Read about examples of community resiliency, flexibility, and creativity during the pandemic as highlighted in a series of case studies.

Global Snapshot
    • The “One Egg a Day” crowdfunding initiative, started by an organization of people who use drugs in Vietnam, raised support for food, clothes, and cash for hundreds of affected families.
    • Using informal crowd-funding initiatives, sex workers in Australia, Thailand, Ukraine, and many other locations raised funds to provide accommodations for sex workers who were evicted for defaulting on their rent.
    • In Durban, South Africa, a new harm-reduction center offering clean needles and other services was established through an innovative, first-ever public-private collaboration.
    • In Barcelona, Spain, a harm-reduction organization extended the hours of operation for its drop-in center, resulting in a higher number of women and gender non-conforming people accessing the facilities; provided an expanded range of services to meet the needs of clients, including support initiatives for self-healing, bonding, wisdom sharing, self-defense, and solidarity; and enabled clients to access a new shelter with a safe consumption site, run by the municipality and another NGO.

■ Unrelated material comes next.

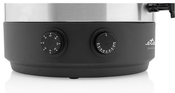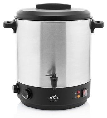 Zavařovací hrnec ETA Granny je vybaven kvalitní nerezovou nádobou o objemu 25 litrů, která pojme až 14 litrových zavařovacích sklenic. Celý proces zavařování vám usnadní odnímatelná nerezová mřížka, plynule nastavitelný termostat (30–100 °C) a nastavitelný časový spínač (na 20–120 minut).

    • In India, activists creatively secured essential service permits and started delivering ARVs on motorbikes in hard-to-reach areas. This helped to prevent ARV disruptions at a time when many PLWH could not attend ARV clinics due to lockdowns and travel restrictions that made it impossible to use public transport.
    • Virtual rapid clinic surveys were conducted in Nepal to influence health access advocacy needs for PLWH.
    • Harm reduction groups in China mobilized to transport methadone across the border for use in Myanmar.
    • MSF set up outdoor gazebos at existing primary clinics to enable quick and safe COVID-19 screening.
    • An adaptation that didn’t work: The City of Cape Town created a forced isolation site for homeless people during the pandemic without consulting groups on the ground or public health specialists. The initiative was a colossal failure and has since closed.

U.S. Snapshot
  • Harm reduction organizations in West Virginia, San Francisco, and Baltimore added community housing programs to their outreach and syringe exchange services.
  • Harm reduction programs modified their drop-in services to outdoor spaces.
  • CBOs that provided case management services added food pantries and food delivery programs.
  • To help people reentering the community due to overcrowding in jails, a Chicago corrections program modified its services to provide technology devices and training.
  • A CBO in Selma, Alabama, started a community garden to help people obtain fresh produce.
  • A CBO in Memphis, Tennessee, pivoted to create sex worker safety kits.
  • The COMPASS Initiative Break Room created a weekly virtual hangout space to increase connections and decrease stigma in the U.S. South.
  • The Coalition for Rights and Safety for People in the Sex Trade in Seattle achieved a breakthrough in long-standing advocacy to revoke a “loitering order” that criminalized sex workers amid COVID-19.
  • Two intersectional organizations focusing on transgender people of color harnessed the COVID crisis and Black Lives Matter movement to significantly increase support for housing initiatives:
    • Glitz raised $1 million to buy an apartment for the unhoused, including people released from Rikers Island, and No Justice No Pride raised money from individual donors for needed housing.